Sometimes I wonder......................... If I knew what I know now when I was young and deciding to have children................ Would I still?
Raising children are not for the weak at heart. You must have nerves of steel and no feelings what so ever.
You give these amazing little darlings your heart the moment you meet them. You can't help yourself. All it takes is the second you hold them and they look up at you with those tiny little eyes and your a goner. While they are young they are the most loving little creatures you will ever encounter. You are their security, their safety blanket. They make you feel like an invincible giant, a super hero so to say.
Then they enter elementary school. My little darlings still allowed me to kiss them goodbye before going into the school, getting on the bus, or running off with their friends. But you feel it, little by little you are not their security or safety blanket. By grade 6 you are no longer the super hero. You are a source of money, food, clothing, rides.
By Middle School you shaunt dare even think of getting a hug much less a kiss as they leave you for what ever the reason. They are starting to "test" their boundaries. Not all of our little angels will push their boundaries, or at least not with venom. But here in this wonderful institute that we send out children to learn...... well they learn. Unfortunately it is not always what we wished them to learn. Their circle of friends grow and you are not always able to keep them from bad influences.
Then comes high school. And your loving little angels are hormone induces devils. They talk back and say some of the most nasty things. A goddess forbid you make them live by the rules that you have requested, enforced, and lived by all of their natural born life. All you are to them now is a bank, a chauffeur, a cook, a maid. And all hell will break out if you even get the notion to request their assistance in the upkeep of said abode. I have been told many a time that "my room is my sanctuary and I will keep it as I see fit". Clean their own bathroom, heaven forbid. And before you know it they are speaking to you as you are some piece of dirt.

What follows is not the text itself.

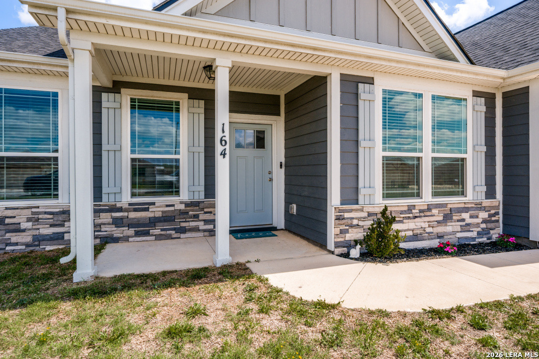 Built in 2023, this La Vernia home blends modern design with the relaxed feel of small-town living. The open floor plan welcomes you with high ceilings and soft lighting, while the kitchen's granite countertops and central layout make it ideal for both daily living and entertaining. Enjoy your morning coffee or evening unwind on the covered back patio overlooking a private fenced yard with no neighbors directly behind you. Inside, spacious closets and thoughtful finishes throughout provide both comfort and functionality. Outside, the stone and siding exterior along with a composite roof provide durability and curb appeal. Located just 10 miles from H-E-B and under an hour from San Antonio, this property also offers no HOA, no city taxes, and co-op utilities, giving you more freedom and value in one of La Vernia's most desirable small-town settings.
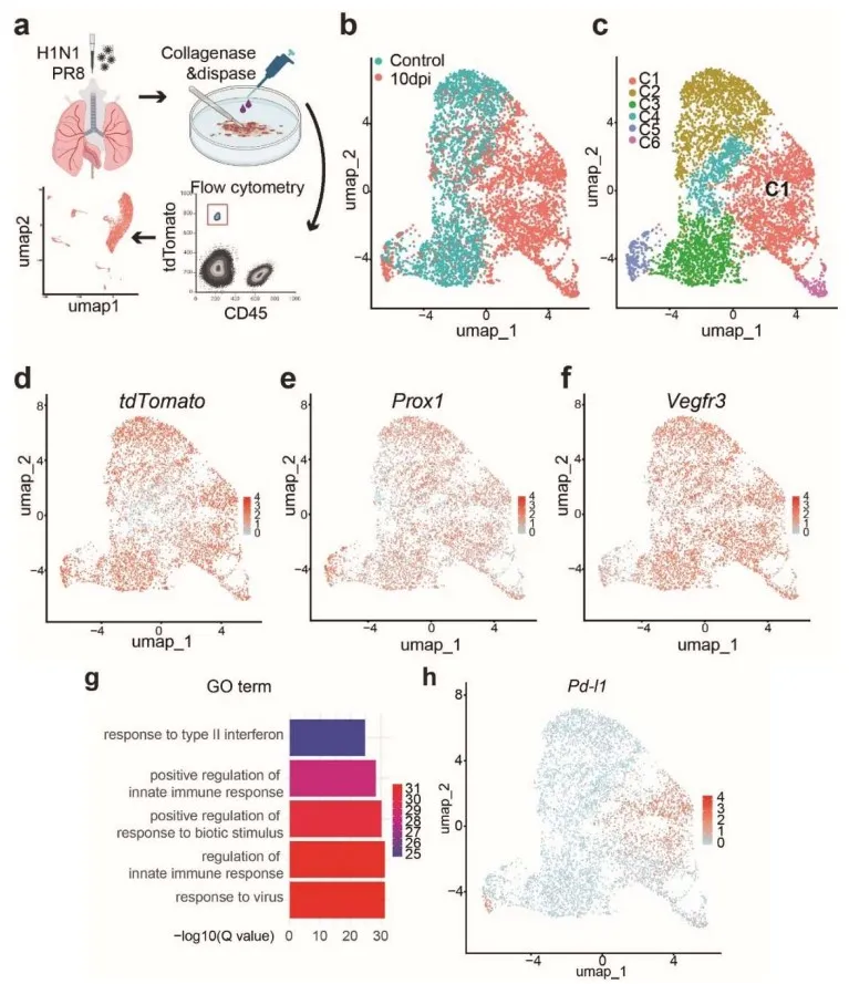. scRNA-Seq analysis identifies a PD-L1+ LEC subpopulation during influenza infection. (a) scRNA-seq experimental diagram. (b) UMAP clustering of single-cell transcriptomes of LECs purified from control (Prox1-CreERT2; R26RtdT uninfected) and virus-infected lungs. Note lung tissues were collected from Prox1-CreERT2; R26RtdT mice at 10 dpi. (c) Identification of 6 distinct LEC clusters (C1–C6) based on gene expression profiles. (d, e and f) Expression of tdTomato, Prox1 and Vegfr3 in distinct LEC clusters. (g) Gene Ontology (GO) analysis of signaling pathways enriched in cluster C1. −log10 (Q value) indicates the significance of enrichment. (h) The distribution of Pd-l1 expression across LEC populations.

That is where MD and I are. Those retched teen years. They make you feel you have lost control, or that you never had it. They force you to be a drill Sargent, a police officer, and prison warden. None of which are "good vibration" types of jobs. Everything and I am not exaggerating here when I say EVERYTHING I ask turns into an argument. Did you brush your teeth? argument. Time to get off the video game....argument. Time to go to bed, time to get up.....argument. Did you do homework, come to dinner, not make dinner, try talking to him, don't talk to him. Everything is an argument.
Even telling him I love him in the morning will put him in a grumpy mood. It takes nothing to "turn the switch" and usually takes exrtreme measures to get him in a calm mood again. But by the time I get him back he has already done to damage to the rest of the family. Putting MD over the edge and getting anyone in the house involved. Don't get me wrong the girls are/were NOT saints, but at least more manageable. That could be the wrong word, I as/was not able to manage them, but they did tend to go with the flow (so to say) a lot more than the boy. I don't understand why is he sooooo angry all the time.
So like I said................ If I knew then what I know now............would we have continued having children???
Unfortunately I am a gluten for punishment and probably still would. But may the goddess help me live through the next couple of years. I am at least a determined one, and he WILL learn how to be a functioning human being yet. Not some thug is progress.